3. US Report on Taiwan

The Washington Times (Bill Gertz, “SENATE REPORT URGES ARMS FOR TAIWAN,” 3/12/01) and Agence France Presse (“US survey finds Taiwan needs advanced weapons: report,” Washington, 3/12/01) reported that a new US Senate report on Monday finds that Taiwan urgently needs access to high-tech arms, training and intelligence from the US if it is to repel a growing military threat from the PRC. The survey was done by the staff of the Senate Foreign Relations Committee and was leaked to the Washington Times. The report suggested that current US policy toward Taiwan is “outdated, dangerous,” and far from heading off a conflict with the PRC over the island, could in fact trigger a confrontation. The Times quoted the report as saying, “It is time to admit that continuing our current policy toward Taiwan will guarantee the destruction of that island democracy by China’s rapidly expanding military forces.” The survey also called for the establishment of direct links between the Taiwanese and US militaries, including hot lines or video conferencing with the US Defense Department. Training programs with US and Taiwanese forces and joint exercises were also desired. The Times report said this year’s request for arms by Taiwan is detailed in the Senate report, and includes four missile destroyers equipped with the Aegis early warning system. Other items reportedly on the list include submarine hunting aircraft, missiles, AIM-120 air-to-air missiles, ship-to-ship missiles, anti-aircraft missiles and submarines.

4. PRC Military Budget

The New York Times (Craig S. Smith, “CHINA SENDS ITS ARMY MONEY, AND A SIGNAL TO THE US,” Shanghai, 3/11/01) and Agence France Presse (“CHINA SAYS HIGHER DEFENSE SPENDING NOT AIMED AT TAIWAN,” Beijing, 3/12/01) reported that the PRC announced an increase its military budget by 17.7 percent jump to $17.2 billion this year. Shen Dingli, a PRC military expert at Shanghai’s Fudan University, described the logic in a way that parallels what Western experts say. He said, “We’re increasing our military capability in order to ensure that Taiwan doesn’t declare independence. But what China is adding to its arsenal is far from what’s necessary to challenge the United States in the Asia-Pacific.” For those who had followed this chain of events, the increased budget came as no surprise. The question now is where the PRC will spend the money. Most of the spending, according to Shen and others, is intended to enhance the country’s ability to intimidate Taiwan. Shen said, “For Taiwan, to deter separatists, we need third-generation fighters, missiles and precision-guided weaponry, amphibious landing equipment, electronic warfare equipment, all of which can be domestically manufactured.” However, Phil Saunders, director of the East Asia Nonproliferation Program at the Monterey Institute of International Studies, said, “Although R. & D. spending will eventually produce something, given the inefficiencies of the Chinese system this might be one of the least threatening areas for them to spend defense dollars.” Evan Medeiros, a senior research associate at the Monterey Institute’s nonproliferation program, said, “If the concern is that China will challenge U.S. interests, that is a long, long way off. But if the concern is that they will make the U.S. more cautious in their operations in the Asia-Pacific region, that’s more realistic.” David Finkelstein, deputy director of CNA Corp.’s Center for Strategic Studies, put it another way: “They want to be the regional hegemon, so that no Asian- Pacific nation can make serious decisions without taking China into account.” [Ed. note: This article was included in the US Department of Defense’s Early Bird news service for March 12, 2001.]

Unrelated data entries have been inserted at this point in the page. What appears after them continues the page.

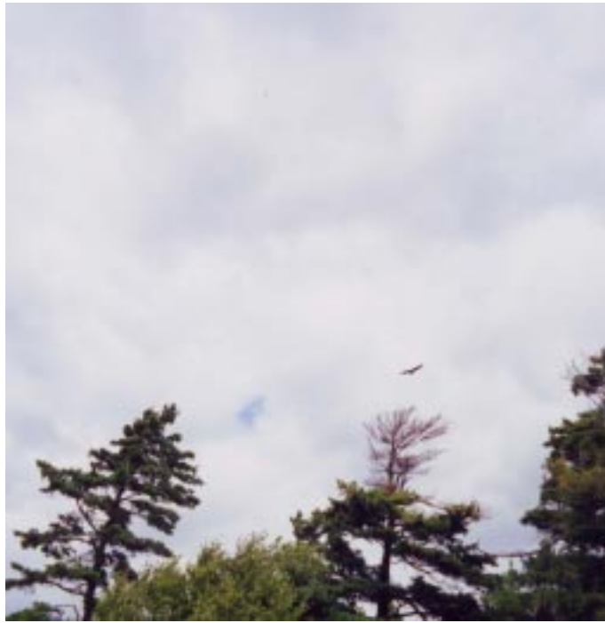
Turkey Vulture nested on Armak Point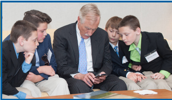
Winning students from Maine strategize with Senator Angus King (I-ME)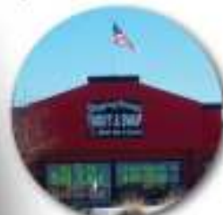
Stepping Stones Thrift Red Barn 6689 E. 1st Street Off Hwy 69 in PV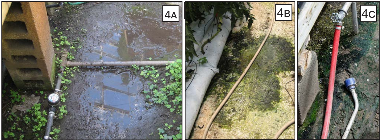
FIGURE 4. (A) WEEDS, SOIL, AND RUNOFF CAN ALL SERVE AS SOURCES FOR PATHOGEN SPREAD AND/OR OVERWINTERING. GREENHOUSE FLOORS SHOULD REMAIN CLEAN AND DRY; BARE SOIL SHOULD BE COVERED WITH GRAVEL OR CONCRETE. (B) HOSES AND (C) SPRAYER NOZZLES SHOULD NOT BE DRAGGED ALONG THE GROUND WHERE THEY CAN PICK UP PATHOGENS.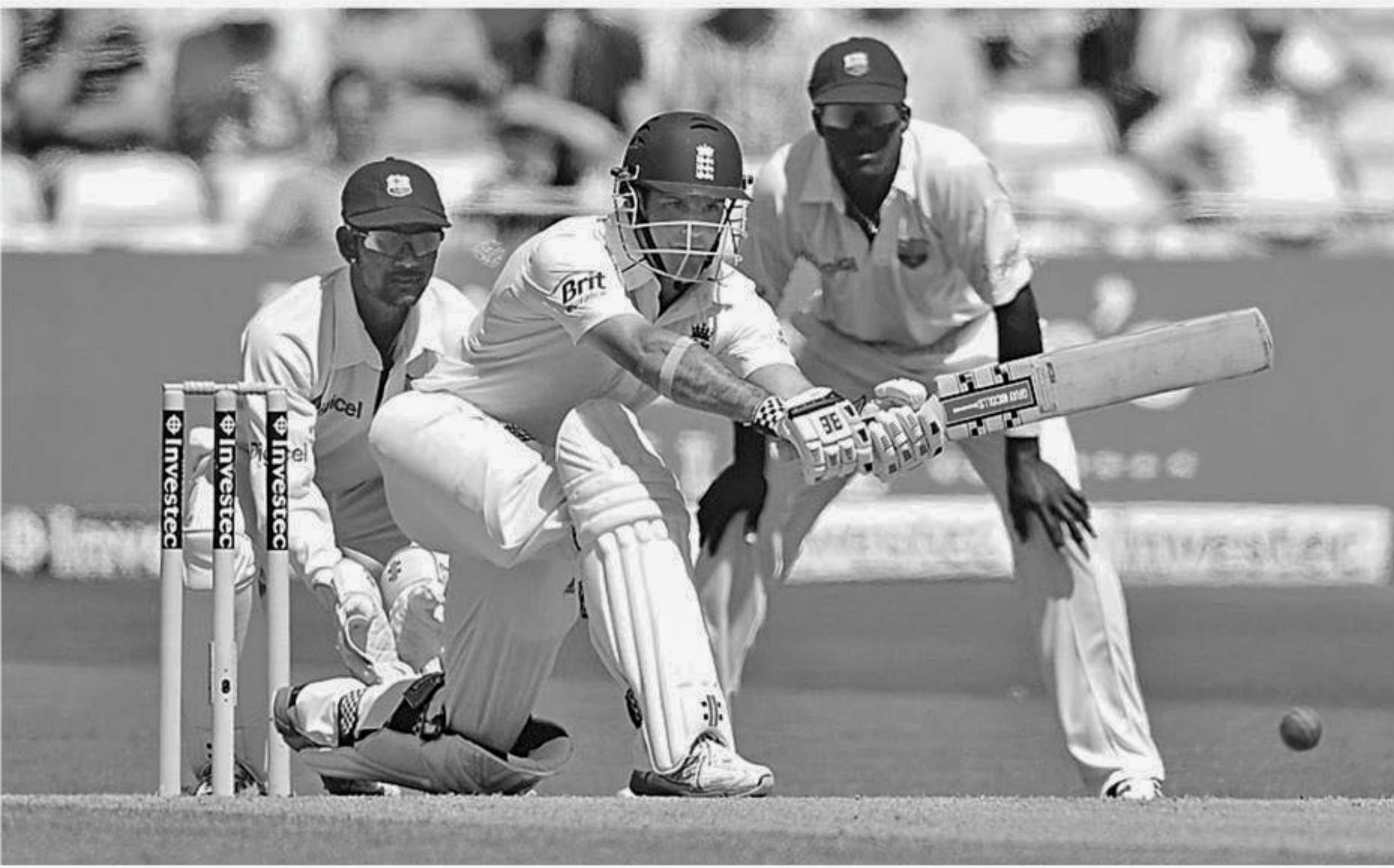
Andrew Strauss sweeps one on his way to 141 against West Indies on the third day of the second Test at Trent Bridge in Nottingham yesterday.

5. US Visit by PRC Official

The New York Times (Craig S. Smith, “VISITING CHINESE TO URGE BUSH NOT TO SELL ARMS TO TAIWAN,” Shanghai, 3/12/01) reported that PRC Deputy Premier Qian Qichen, the highest- ranking PRC official to visit the US in two years, is expected to urge US President George W. Bush next week not to sell more advanced weapons to Taiwan. Perry Link, a China scholar at Princeton University, said: “Qian is a skilled diplomat and smooth talker and wants, I think, to smooth things out with the new Bush people, try to get them as far as possible back to where the Chinese government had the Clinton people, both in general – viewing China as a partner more than an adversary – and on the particular issue of arms sales to Taiwan.” Qian was quoted on March 9 by the state-run, English-language China Daily as saying that the Taiwan issue was “not only a problem left over by China’s civil war, it is also the result of U.S. military intervention as the United States has kept selling advanced weapons to Taiwan.” Those comments followed a warning on Tuesday by PRC Foreign Minister Tang Jiaxuan that the US should recognize the “serious dangers involved” in providing more weapons to Taiwan. Qian said he would also discuss with US officials China’s opposition to the proposed development of a missile defense system. Qian’s five-day visit to Washington and New York will begin March 18. He is scheduled to see Bush on March 22, and is likely to ask him if he will visit China for the Asia-Pacific Economic Cooperation forum to be held in Shanghai in October. [Ed. note: This article was included in the US Department of Defense’s Early Bird news service for March 12, 2001.]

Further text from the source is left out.